Interest Check: Assassin's Creed (CofD/2nd Ed) Game?



  • I was having a conversation the other day with someone and I don't even really remember how, but we got onto the idea of an AC game.

    Last night, while I was feebly trying to sleep, my brain decided to go into fever pitch full on creative mode, and it struck on this.

    So, what would people think about an AC game, using the Chronicles of Darkness/2nd Edition ruleset? For obvious reasons, it would be a Mortal only game, but overall the basic elements are all there. Tons of mystery and strangeness to the world, based on lost Ancient Aliens style tech and such... perfect for mystery cults (the Templars and Assassins basically fit this mold nearly perfectly), relics (again, the tech of the progenitor race fits this perfectly), and generally a cool world setting.

    As for the breakdown of the way the game would function, the biggest problem would be on what time period and location to set it in. I had a few ideas about that. For example, it could run in seasons, with each season being a new story in a different period and location. One season could be ancient vikings, the next could be 1960's NYC, and the next could be the fall of Carthage.

    Then I had another idea about it. Instead, there could be multiple timelines. Each player would log into the game with a sort of "OOC" account, and in the actual game, chose their alts. The timelines offered would act as "spheres", and you could have one alt per sphere. The OOC area would be, essentially, an Abstergo Entertainment office, and the login PCs of the playerbits would be Abstergo employees from an "IC" standpoint. So, even your OOC chatter would be a sort of metagame IC situation. From the OOC/Abstergo office, you would go into the Animus room, which is where you would select which alt you want to play and that would launch you into the grid for said alt.
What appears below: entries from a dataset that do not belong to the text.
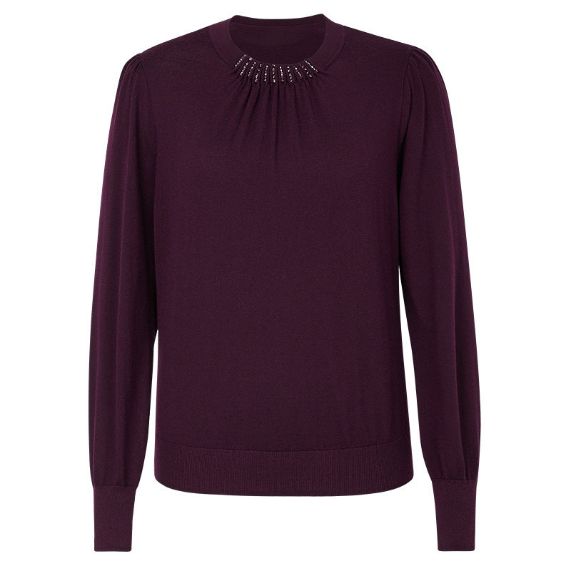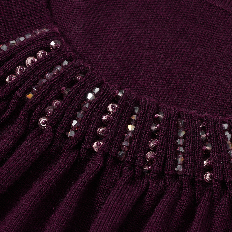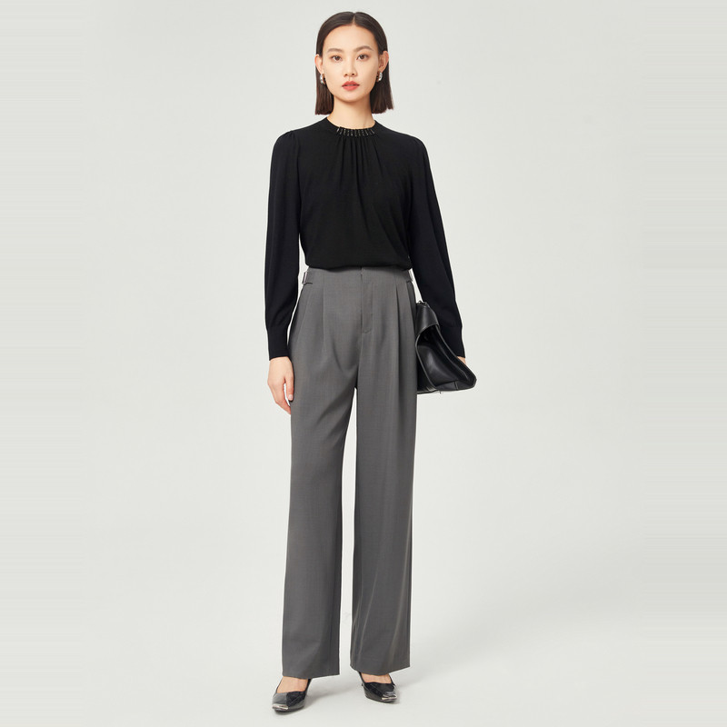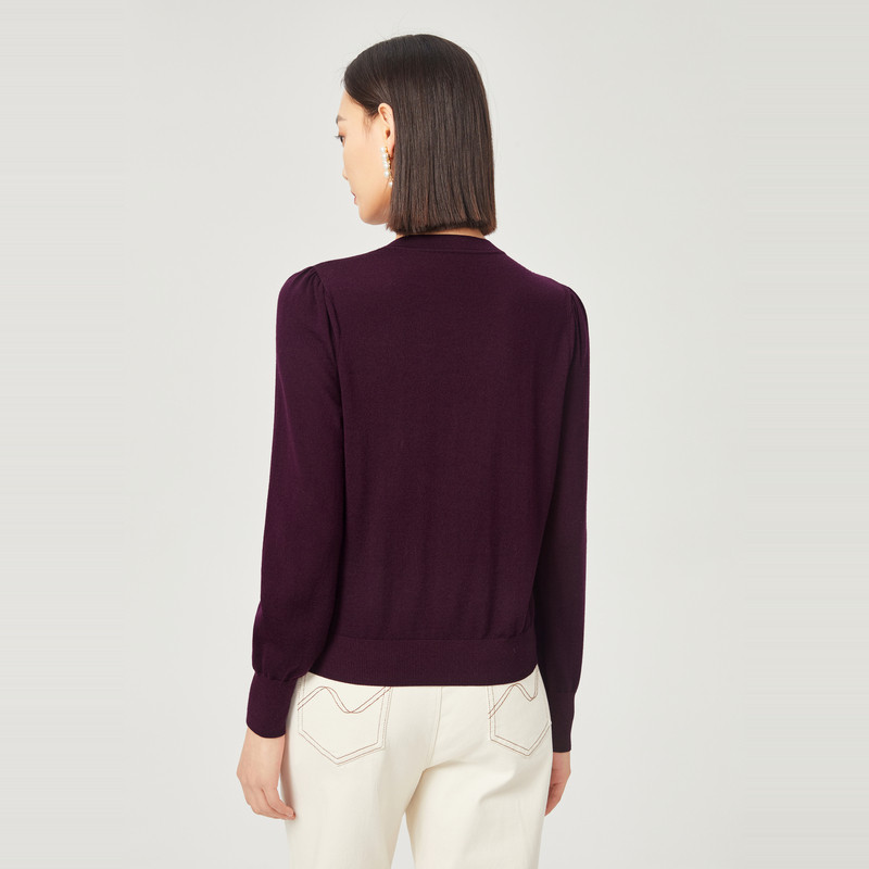 NAERSI娜尔思长袖羊毛针织衫泡泡袖2025年冬季新款领口竖珠上衣女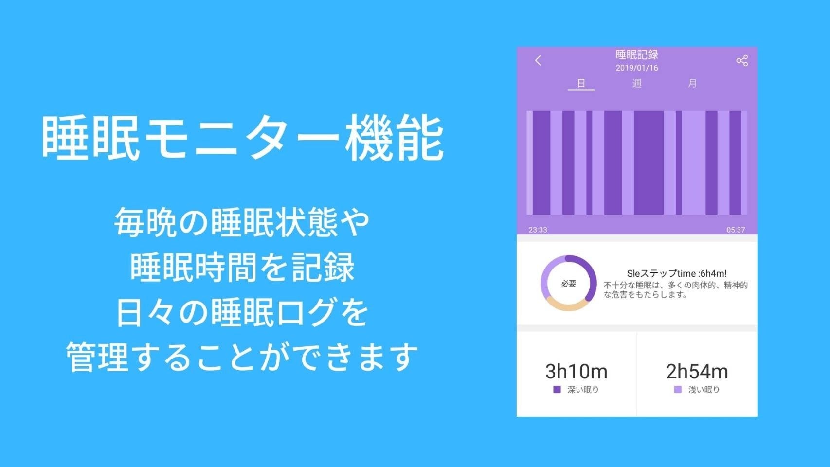 専用スマートフォンアプリ「Lenovo Life」をダウンロードし、スマホとBluetooth接続することで、計測した日々の睡眠の質や心拍数の記録を見ることができます。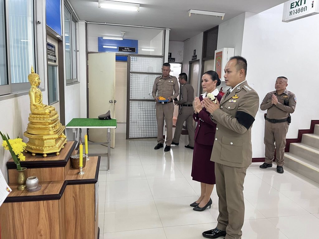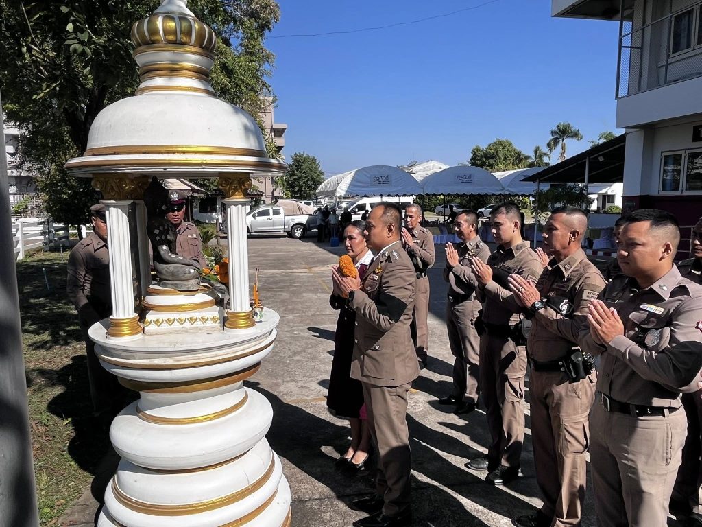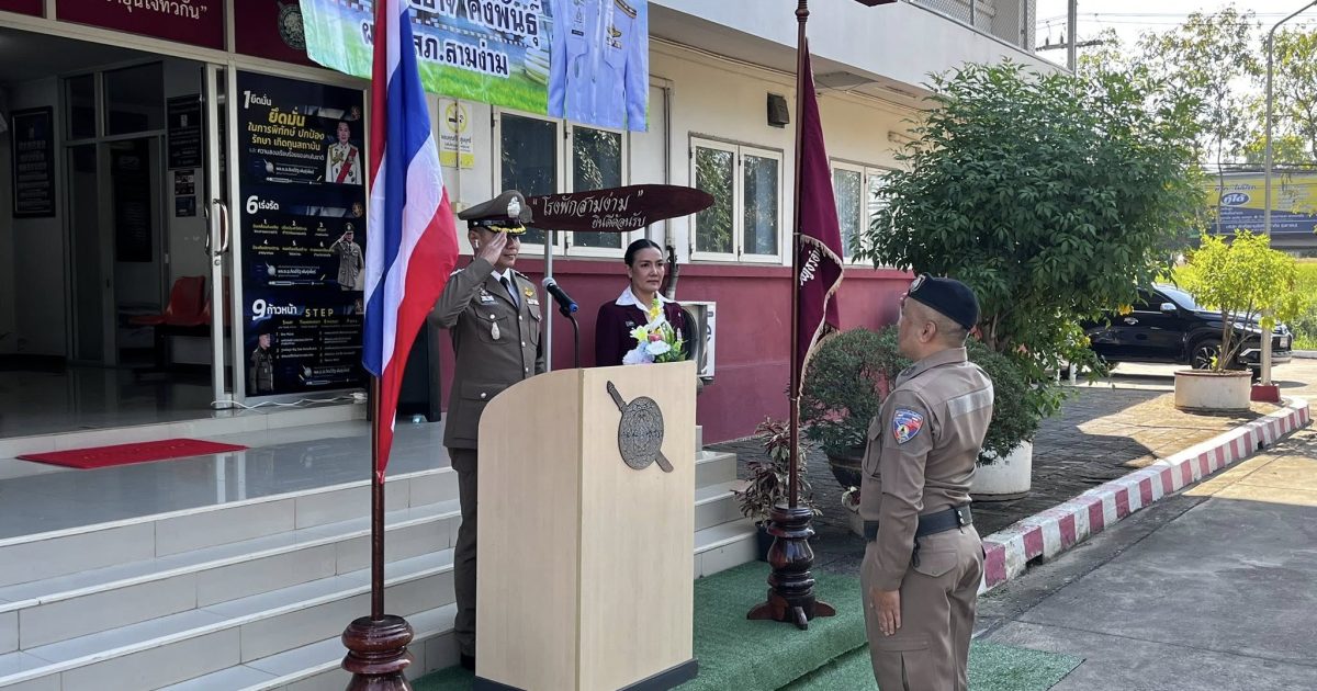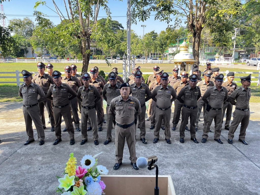 ตร.สภ.สามง่ามได้ตั้งแถวต้อนรับ พ.ต.อ.องอาจ คงพันธุ์ เข้ารับตำแหน่งผกก.สภ.สามง่าม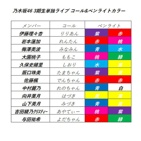【乃木坂3期生】LIVEでのコール&ペンライトカラーがこちら!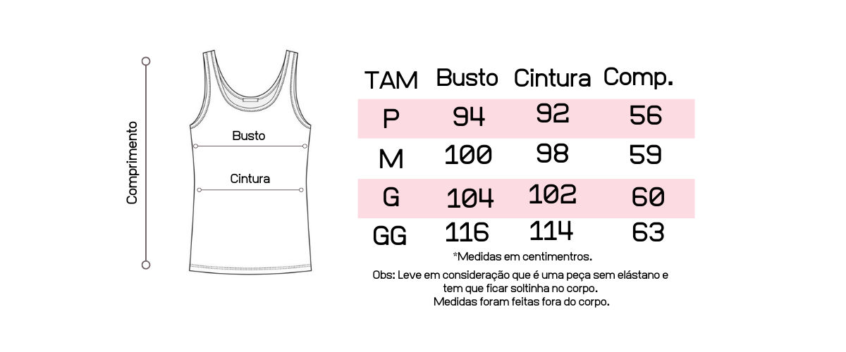 - Regata em crepe proporcionando leveza e maciez, com maior conforto e frescor,
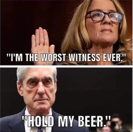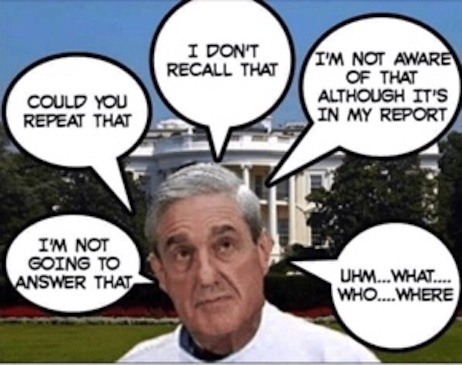 First up, in a quote which once again makes us wonder in what alternate universe these people reside, the Old Grey Nag’s Maureen Dowd dims the hopes of anyone who thought Silent Bob Mueller’s testimony before the House was going to suddenly restore rationality to The Left:

    With the Dark Eras sourcebook, we'd even have good coverage for replacement skills for those that wouldn't work. Perhaps some of the psychic/supernatural merits could be implemented, as well.

    Anyway. Just kind of tossing out an idea, and seeing if this is something people would think would be fun to play.


  • Pitcrew

    I fully support this idea, if only to be present to watch the failed Leap of Faith rolls.


  • Pitcrew

    gives splat books a new meaning?



  • What would also be somewhat interesting is if the progenitor tech also somehow created other supernatural sorts. Over time, the Templars have wiped them out, leaving our mundane world in its wake, but before, vampires and werewolves were realsies.

    Or something, ignore me.



  • @Jennkryst

    So far, the AC series has never shown any hint that anything overtly and truly supernatural is real. That being said, there definitely seems to be some things that seem to push that idea in the new game. Like giant snakes and being able to warg a hawk or something.


  • Pitcrew

    Assassin's Creed is an interesting setting that has created a large franchise with lots of material; however, what will the players be doing? A great setting does not lead to great gameplay. Will they just be going around killing NPCs or each other? Other than being assassins or Templars, what other options are there? With so few niches, a small number of players could come to dominate the storyline.



  • @Ominous

    That's just it... the stage of history is the setting in AC. While the Assassins and Templars do take center stage in the game, they're also surrounded by equally larger than life figures, embroiled in epic plots and even more historic conflicts.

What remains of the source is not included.